You’ll surely be spellbound by every word and gesture of the extraordinary ensemble in Ma Rainey’s Black Bottom, theater director George C. Wolfe’s film version (produced by Washington) of Wilson’s 1984 play. In adapting the play, Wolfe and screenwriter Ruben Santiago-Hudson (Lackawanna Blues) have slightly expanded the settings and added a potent locked door metaphor while tightening the monologues. Less time with Wilson’s wonderfully verbose characters is never the first choice but at a lean 95 minutes, the film is sure to hold the attention of its homebound audience.

In his final performance, the late Chadwick Boseman is Levee, a rebellious young trumpet player in the band of (Gertrude) Ma Rainey, a legendary blues singer played by Viola Davis. It’s 1927 and Ma is late for a recording session in Chicago. Her band gets there first and sets up in a desolate basement room and though they’re meant to be rehearsing, the four men mostly banter, argue and tell stories, including the one about the Black man who sold his soul to the Devil and more wrenchingly, Levee’s painful remembrance of his mother being assaulted by white men when he was eight.

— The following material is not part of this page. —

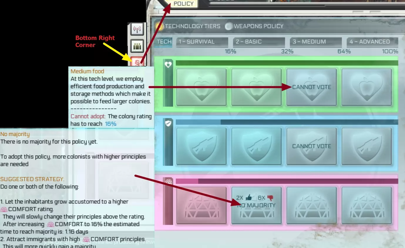 在制作菜单中,点击【可用数量】即可定位食物所在位置。 如果储存有食物(包括种子等可食用原料),评分会上升;如果殖民者开始挨饿或营养不良,评分则会下降。要维持这一数值,需确保有足够的食物供殖民者保持健康,这需要在原料、熟食和腌制食品之间保持紧密的平衡。评分会考虑食物的储存天数,因此人口越多,所需的储存量就越大。 请将储粮洞/黏土谷仓放置在靠近烹饪站的位置,以获得最高效率。 安全:这取决于武器的数量和质量。 每人最多计算2件武器,且武器必须处于装填状态,因此空的线圈步枪不计入在内。部分机器人和/或哨塔会对评分产生影响。 有受伤人员或被怪物杀死会极大降低评分。 早期最佳策略是制作简易长矛,确保每人都有,但不要用燧石制作长矛,因为之后制作枪支会需要燧石。每人最多携带2件武器。 舒适度由住房质量和兴奋剂储备决定。 所有可用住房的平均等级作为基础对评分产生影响。 建议将住房建在工作中心和食物储存处附近,并为所有殖民者提供住房。 房屋可以升级,点击房屋,然后点击弹出标题上的箭头。 随着科技进步和获得更好的材料,你应该建造更好的房屋并回收旧房屋。随着你通过政策获得更先进的技术,将能建造更优质的住房。部分殖民者有着更高的追求,他们更难满足,但你也需要依靠他们来提升舒适度技术。100%受激励城镇的最大舒适度评级加成是5%。政策是你获取更先进技术以提升这三项主要属性的途径。你可以通过点击右侧菜单的最后一个按钮(右下角)来访问政策。

A group of men sitting around trading stories filled with both laughter and anguish is a Wilson trademark but if you listen closely, you’ll hear his gift for infusing that talk with powerful ideas — the job of a good playwright. Playing an absent-minded tune, the pianist Cutler (Glynn Turman) offers a cooking analogy for the Black experience in the “stew” that was the building of America. “The colored man,” he declares, “is the leftovers. Now, what’s the colored man going to do with himself? That’s what we’re waiting to find out. But first, we gotta know we the leftovers. Now, who knows that?”

Ma knows, and pushes against the knowledge with every breath. She’s late to the session because she wants to make her unctuous white manager (Jeremy Shamos) work harder for concessions from the tight-fisted studio owner (Jonny Coyne) and because she knows that the moment before she sings — when they still need her — is the only time she has power. “They don’t care nothin’ about me,” she tells her band leader, Cutler (Colman Domingo), and the deep well of interior knowledge Davis brings to that line, and the brief, ferocious speech that follows, is breath-taking.

Levee is too young and too brash to have developed Ma’s instinct for survival in this studio and the world outside its doors. He’s his own man, he proclaims, who fears no one, not even the god his band mates extol. As the day wears on and Levee is worn down by disappointment and self-recrimination, he erupts against God in a Heaven-directed taunt Boseman delivers with a fury, ache and artistry that would ring out across time in the theater. In the exquisite intimacy of film, he wounds one’s heart and steals a part of it forever.